Material and methods
Primary antibodies and reagents
The following antibodies were used in this study: mouse anti-GAPDH (Proteintech Group, 60,004–1-Ig), mouse anti-GFP (Proteintech Group), rat anti-mouse LAMP1 (BD Biosciences, 553,792), sheep anti-mouse PGRN (R&D Systems, AF2557) and rabbit anti IBA-1 (Wako, 01919741). Fluorescently labelled second antibodies were obtained from Li-Cor and Invitrogen.
To generate polyclonal antibodies to granulin peptides, granulin peptides were cloned in the pGEX6P-1 vector using restriction enzymes BamHI and PmeI (Table S1). The expression construct was transformed into the Origami bacterial strain (Novagen) and the expression of recombinant protein was induced with IPTG. The cells were lysed and lysates were incubated with GST beads. Bound proteins were eluted with glutathione. The buffer was exchanged to PBS using the Centricon devices (Millipore). Recombinant proteins were used to immunize rabbits using services provided by Pocono Rabbit Farm and Laboratory (Canadensis, PA).

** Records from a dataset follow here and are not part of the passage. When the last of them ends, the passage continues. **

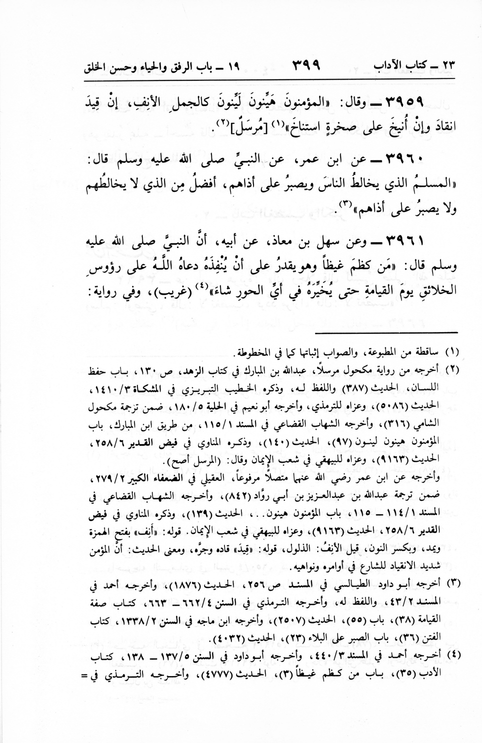 3960 - عن ابن عمر، عن النَّبيِّ صلى اللَّه عليه وسلم قال: "المسلمُ الذي يخالط الناسَ ويصبر على أذاهم، أفضلُ مِن الذي لا يخالطُهم ولا يصبرُ على أذاهم" (¬3).
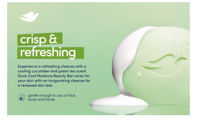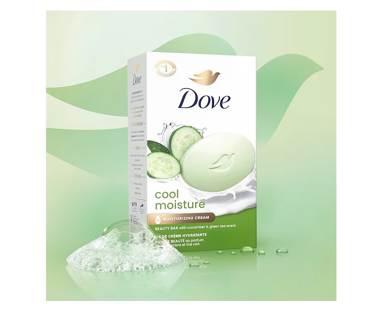 CRISP & REFRESHING: Dove Cool Moisture Beauty Bar with cucumber & green tea gives a cooling cleanse while caring for your skin
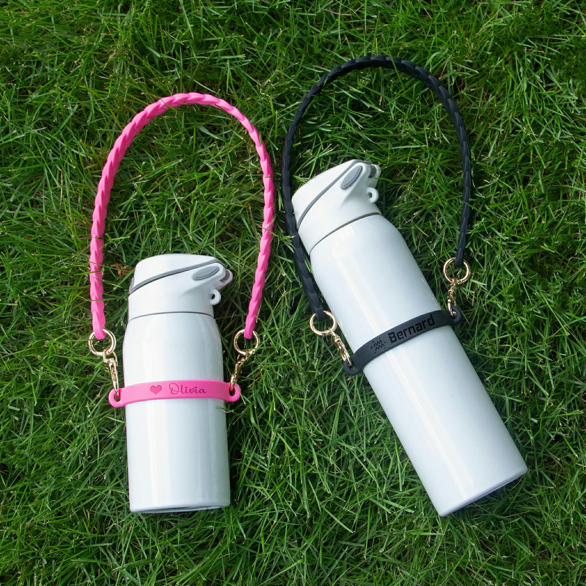 Transform your water bottle with our Custom Engraved Silicone Bottle Band with Strap. Crafted from flexible and durable silicone, this band provides a secure, anti-slip grip and strong load-bearing capacity. The versatile strap allows for effortless carrying by hand, slinging over your shoulder, or attaching to your backpack, keeping your hands free. Available in five vibrant colors - Hot Pink, Purple, Black, Orange, and Blue - it's perfect for the gym, office, or on-the-go.
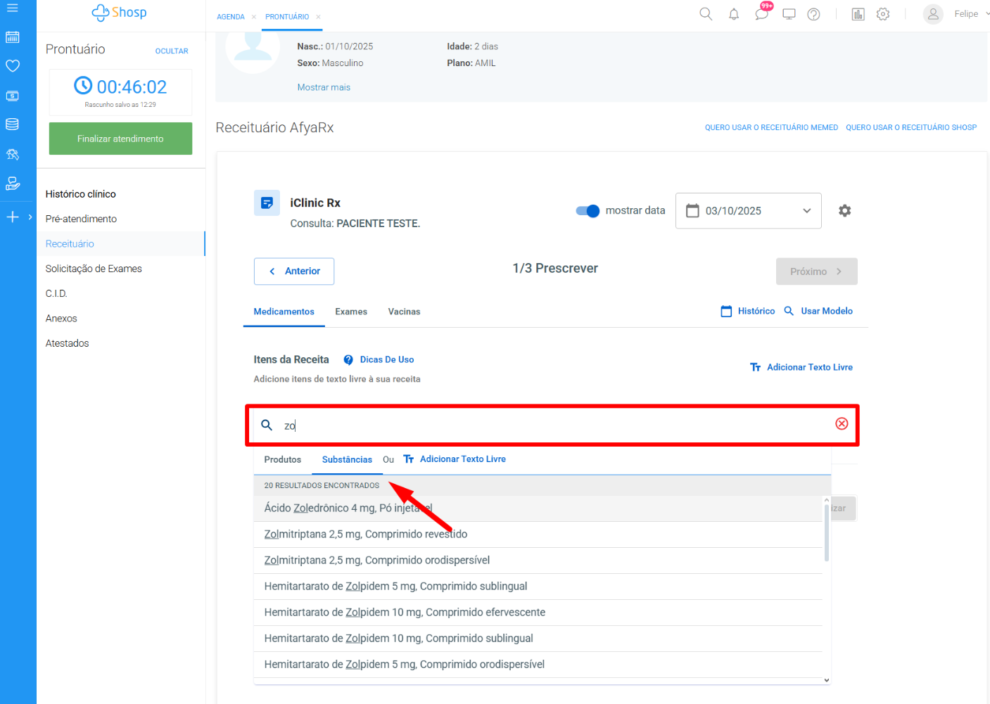 No campo Medicamentos, você deve digitar o nome do medicamento, selecionar a opção Substâncias, escolher o item desejado e prosseguir com o preenchimento da posologia.
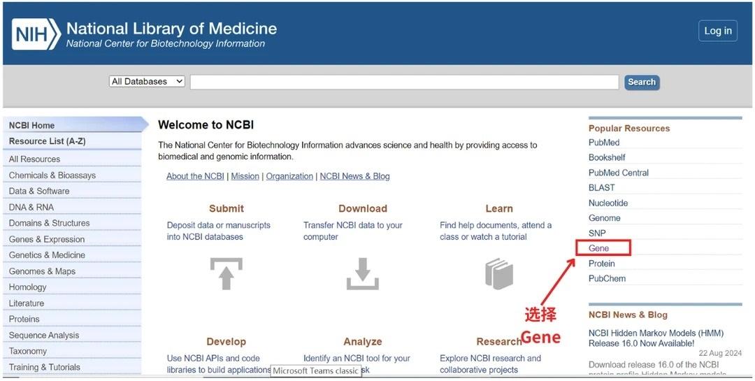 访问NCBI官网,在导航栏中找到"Gene"选项并点击进入。
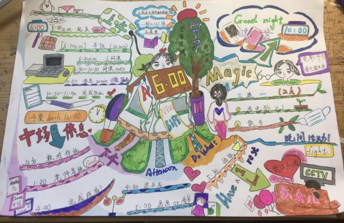不少孩子不约而同地选择了时间轴的形式,显得条理清晰;也有画成饼状图的,每日时间分配一目了然;还有做成手账的,有趣的贴纸和彩笔互相映衬;更有画成漫画的,细细诉说“在线”的青春;甚至有画成思维导图的,丰富的宅家活动难掩一丝霸气。通过制定时间表,孩子们提高了自主学习、自主生活的能力。

The following reagents were also used in the study: Dulbecco’s modified Eagle’s media (DMEM) (Cellgro, 10–017-CV), 0.25% Trypsin (Corning, 25–053-CI), Papain (Worthington, LS003120), DNase I (Sigma D5025), Odyssey blocking buffer (LI-COR Biosciences, 927–40,000), Poly-D, L-ornithine (Sigma P0421), protease inhibitor (Roche, 05056489001), Pierce BCA Protein Assay Kit (Thermo scientific, 23,225) and O.C.T compound (Electron Microscopy Sciences, 62,550–01).
HEK293T were maintained in Dulbecco’s Modified Eagle’s medium (Cellgro) supplemented with 10% fetal bovine serum (Gibco) and 1% Penicillin–Streptomycin (Invitrogen) in a humidified incubator at 37 °C and 5% CO2. Cells were transiently transfected with GFP tagged granulins using polyethylenimine as described . Cells were harvested 2 days after transfection using ice cold RIPA buffer (150 mM NaCl, 50 mM Tris-HCl (pH 8.0), 1% Triton X-100, 0.5% sodium deoxycholate, 0.1% SDS) with 1 mM PMSF, proteinase and phosphatase inhibitors.
C57/BL6 and Grn−/− mice  were obtained from The Jackson Laboratory. Ctsd−/− , Ctsb−/− , Ctsl−/− , Ctsb−/− Ctsl−/− , Ctsk−/−  and Ctsz−/−  mice were characterized previously. PSAP knockout mice were previously described . All animals (1–6 adult mice per cage) were housed in a 12 h light/dark cycle.
Stroke and demyelination induction
Rose Bengal was used to induce stroke using a modified protocol . Briefly, 4 months old mice were injected retro-orbitally with Rose Bengal (50 μl, 10 mg/ml) followed by 5 min illumination of the intact skull with a 561 nm laser. The skin was then sutured and mice were treated with 0.1 mg/kg Buprenorphine every 8 h for 24 h after surgery. Mice were allowed to recover for 7 days before perfusion and tissue collection.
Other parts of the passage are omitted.